In July 2017, Trump alluded to the jobs Youngstown has hemorrhaged over the past two decades, and promised: “They’re all coming back.” He also offered some real estate advice to homeowners: “Don’t move. Don’t sell your homes.”
When the star of The Apprentice offers advice on land values, some find it ihard not to listen. The result? Homes with negative equity in the Youngstown area have reached 23 percent - about three times the national average.
It’s easy to see why people in the Youngstown area would pay attention to a president who promised jobs. GM’s closure of its plant in nearby Lordstown, a response to the decline in popularity of sedans in an era of low-cost energy, was seen as a final straw. What is hard to understand is why the people of Mahoning County thought such a simple and simplistic form of economic salvation was a serious possibility.
The region has been hit hard. Three decades ago, 1 in every 4 jobs in the region were in the manufacturing sector. Now, it is less than 1 in 8. Since the 2008 financial meltdown, real hourly earnings shrunk 8 percent, adjusted for inflation — even as they were rising 11 percent in the rest of the country.
The decline of manufacturing in Youngstown mirrors a national trend, especially regarding the auto industry. In the 1970s, GM had one of the biggest private-sector workforces in the United Stares - over 600,000 men and women. Now, it’s about one-sixth that level.
Fewer Americans have jobs making cars and trucks, and those who do are earning less for it. Over the past three decades, U.S auto workers’ wages have dropped by 18 percent, after inflation. In fact, less than 10 percent of vehicle factories offer pensions.
Why then, would anyone buy the notion that they should stay put, because the jobs are returning? Residents of rusted out towns and cities appear in many ways to be members of a cargo cult, waiting for magical flying machines to appear in the sky and drop cargos of goods in their laps. Residents have two rational choices: Either they can reinvent the economy of their region (as Pittsburgh did when it shifted from steel production to health and education as its economic backbone), or residents can simply go elsewhere where economic prospects are brighter.
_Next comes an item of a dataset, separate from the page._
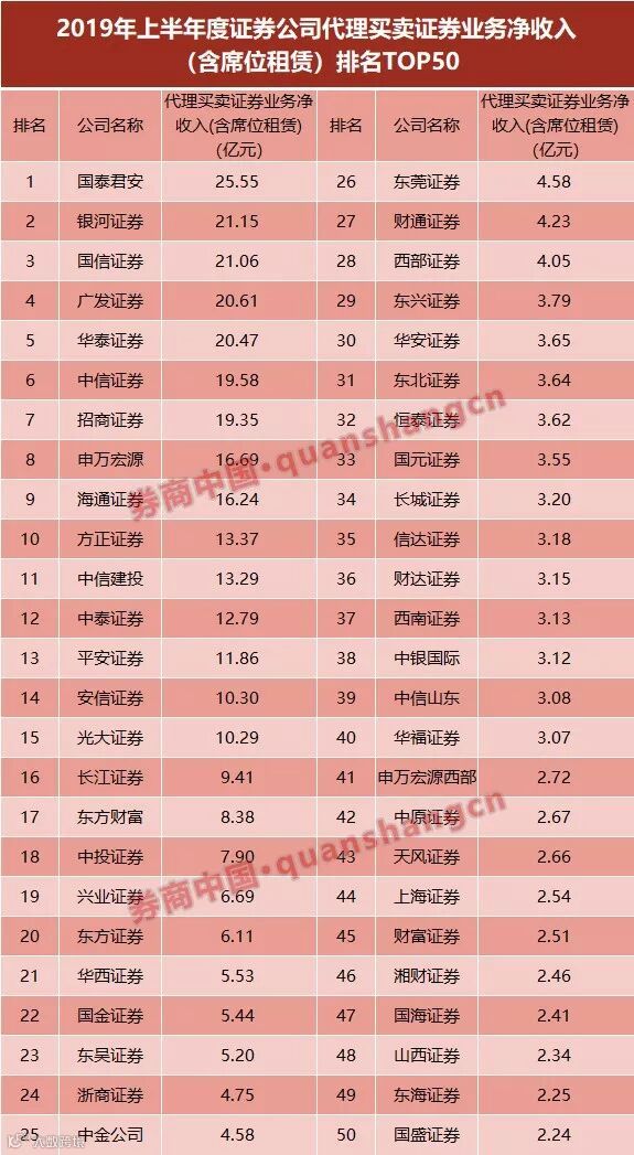 国泰君安2019年上半年代理买卖证券业务净收入(含席位租赁)排名第一,达25.55亿元。国泰君安在该项指标上一直稳坐第一,过去三年,国泰君安连续为代买收入第一。其次是银河证券,上半年代买收为21.15亿元。国信证券排名第三,代买收为21.06亿元。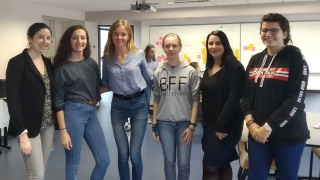 ISTIA-Polytech d'Angers, 8h30… Les marraines, les étudiantes et les lycéennes sont accueillies par Nathalie, professeure à l'ISTIA-Polytech et Marine, de l'équipe Elles bougent.

Rather than listen to politicians trying to blow smoke, telling them their salvation will come where they happen to live now and that they can continue to make a living the way they always have, they should recognize that no one is going to be able to deliver manna from heaven, in the form of jobs that were only relevant decades ago. Maybe it is time to fish in a different way than they always have, or cut bait and go where the fish swim.